▶ [Exercise instructions]
Transcribe the full listing exactly, and drop every picture.

▶ [Stored data]
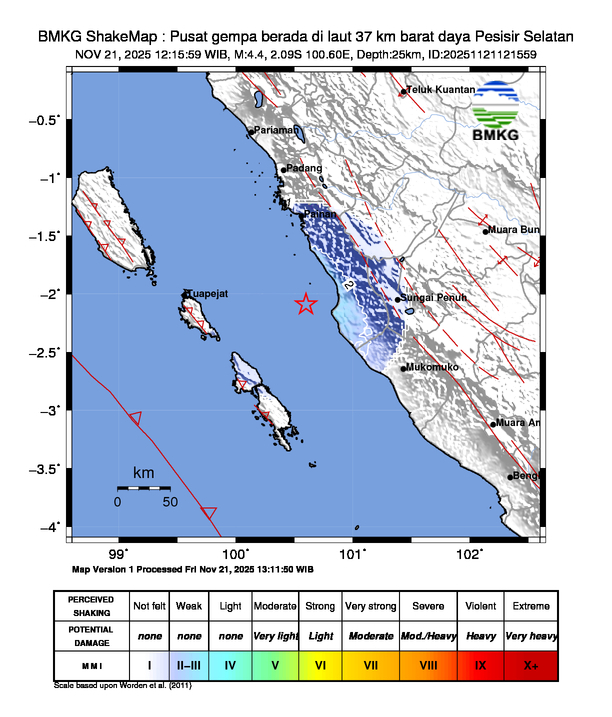 Gempa Berkekuatan 4,4 SR, pusat gempa berada di laut 7 km barat daya Pesisir Selatan
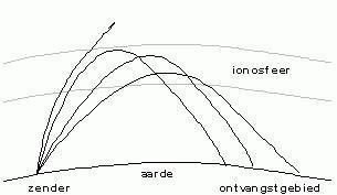Propagatie van ruimtegolven treedt met name op in de frequentieband tussen 1,5 en 30MHz.
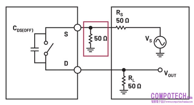 圖4.源極上具有50 Ω端接電阻的關斷隔離度測試電路。
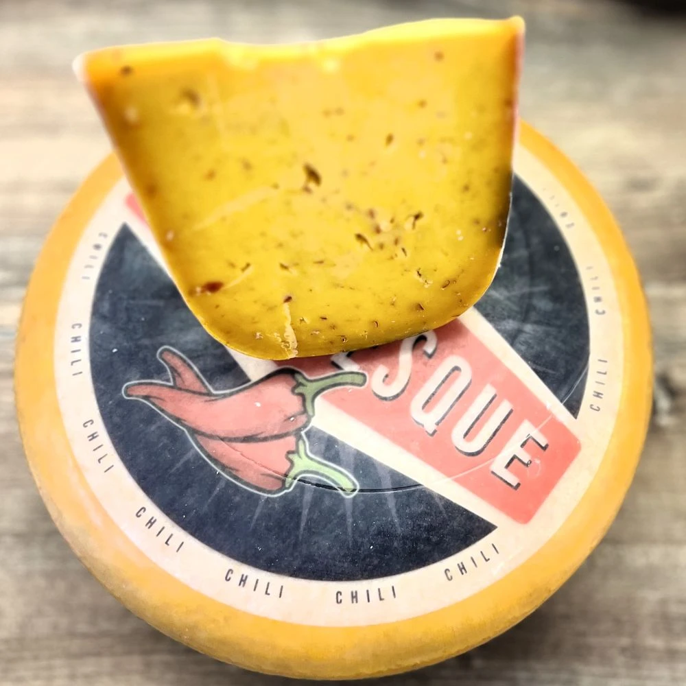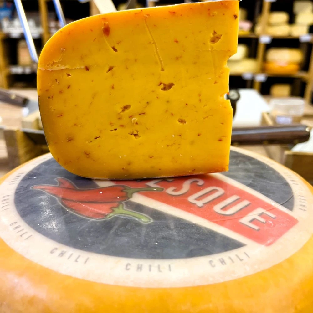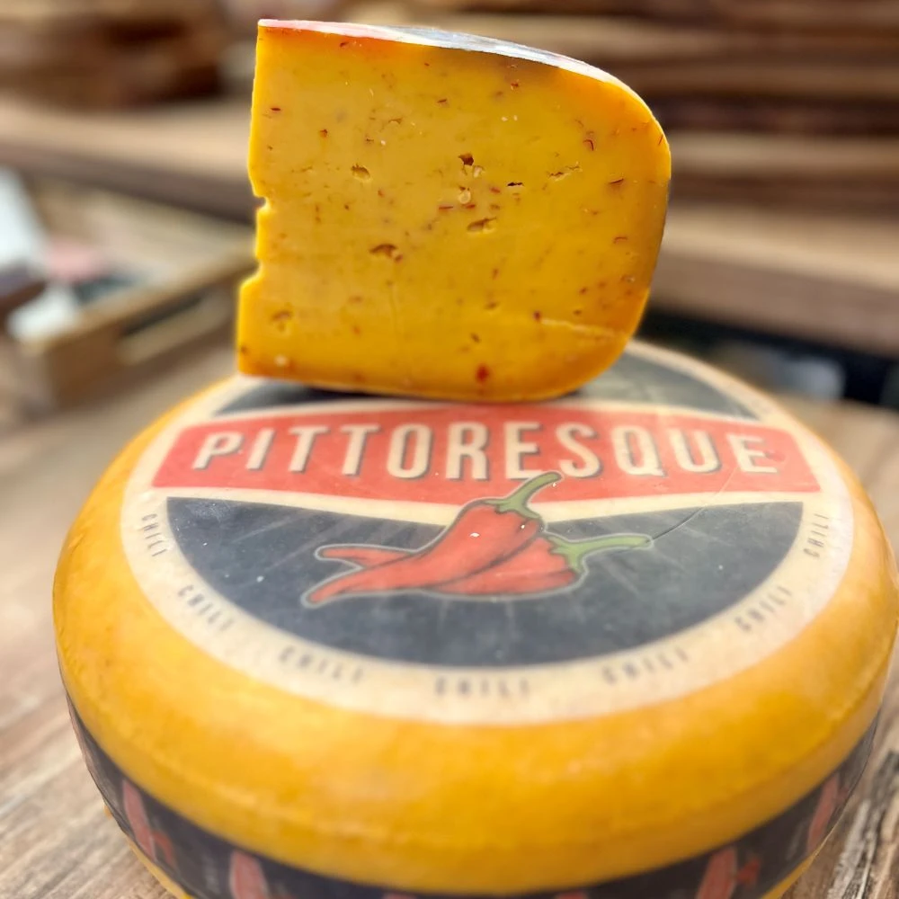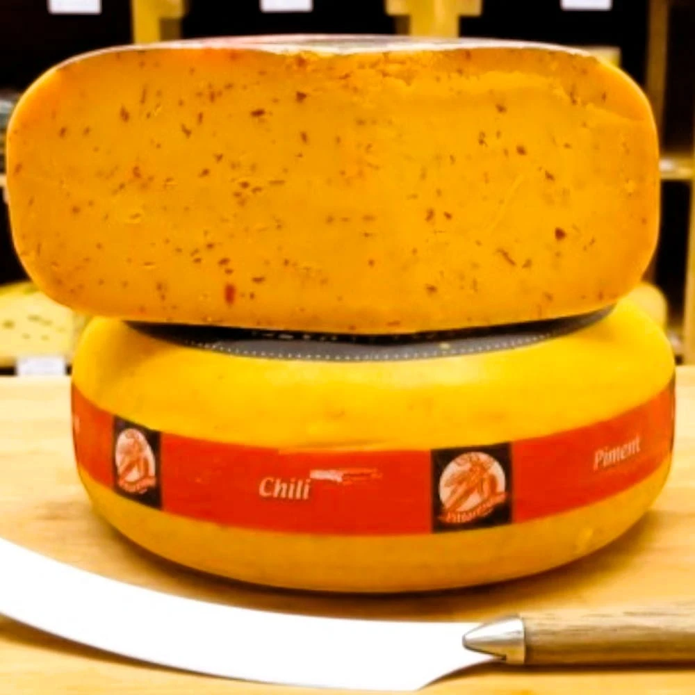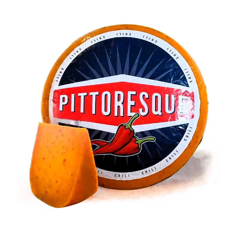 Gouda Pittoresque z chili to aromatyczny ser dojrzewający, w którym klasyczna, łagodnie maślana baza holenderskiej goudy została wzbogacona dodatkiem papryczek chili.

▶ [Finished exercise]
 Gempa Berkekuatan 4,4 SR, pusat gempa berada di laut 7 km barat daya Pesisir Selatan
Propagatie van ruimtegolven treedt met name op in de frequentieband tussen 1,5 en 30MHz.
 圖4.源極上具有50 Ω端接電阻的關斷隔離度測試電路。
 Gouda Pittoresque z chili to aromatyczny ser dojrzewający, w którym klasyczna, łagodnie maślana baza holenderskiej goudy została wzbogacona dodatkiem papryczek chili.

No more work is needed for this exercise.